In particular I have downloaded the "All English (1800s-1990s)" from here:

http://snap.stanford.edu/historical_embeddings/eng-all_sgns.zip

The embeddings are in ".npy", which I believe are Numpy arrays.

How can I import them in Gensim?

Thanks you and best regards.

Gordon Mohr

unread,

Oct 11, 2021, 7:43:17 PM10/11/21

to Gensim

The `.npy` suffix is used for direct numpy array save-files. But such arrays aren't enough, alone, to reconstruct a set of word-vectors, as they don't describe which vectors are in which rows.

Gensim will create such `.npy` files as part of its multi-file saving format - but along with a root file with other info.

From a glance at your links, and especially their "detailed description of the data" link <https://nlp.stanford.edu/projects/histwords/data_description.html>, it appears they've created their own format, and you'll likely want to use the specific classes listed on that page to reload them.
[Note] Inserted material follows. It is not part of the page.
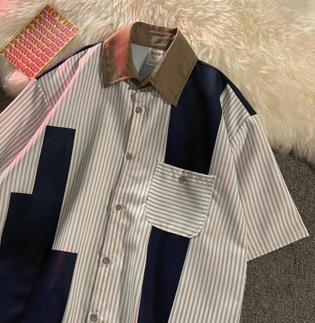 メンズ 男 トップス 半袖 ボーダー柄 シャツ ブラウス コート アウター カーディガン M-2XL

After loading them using that project's purpose-built classes, if you'd prefer them in a Gensim model object or format, you could try either:

* adding them to a new Gensim `KeyedVectors` object - then using/saving/reloading that `KeyedVectors`

* manually writing them to a file in a more-common format - the plain-text format that's read by `KeyedVectors.load_word2vec_format(path, binary=True)` is pretty simple, and you can see source code that writes it in the `KeyedVectors.save_word2vec_format()` method in Gensim.

- Gordon

Andrey Kutuzov

unread,

Oct 12, 2021, 11:46:34 AM10/12/21

to gen...@googlegroups.com

Hi Phil,

As an alternative, if you need time-dependent ("diachronic") word
embeddings for English, you can use the models described in
https://aclanthology.org/W19-4725/
They can be downloaded as a zip archive from
http://vectors.nlpl.eu/repository/20/188.zip

These models are trained on the Corpus of Historical American English
(COHA) decades from 1960s to 2000s and are already aligned to be
directly comparable. They are provided in the native word2vec binary and
plain text formats, so it's easy to use them with Gensim.

> --
> You received this message because you are subscribed to the Google
> Groups "Gensim" group.
> To unsubscribe from this group and stop receiving emails from it, send
> an email to gensim+un...@googlegroups.com
> <mailto:gensim+un...@googlegroups.com>.
> To view this discussion on the web visit
> https://groups.google.com/d/msgid/gensim/f3d0bf53-6860-44f4-8b22-77cedc64706cn%40googlegroups.com
> <https://groups.google.com/d/msgid/gensim/f3d0bf53-6860-44f4-8b22-77cedc64706cn%40googlegroups.com?utm_medium=email&utm_source=footer>.

--
Solve et coagula!
Andrey

Phil

unread,

Nov 2, 2021, 11:43:33 AM11/2/21

to Gensim

@Gordon Mohr thank you very much for your answer. I'll try to load them using their classes and maybe post a code that can load them into Gensim directly

@Andrey Thank you very very much.

The word embeddings you posted might indeed be useful.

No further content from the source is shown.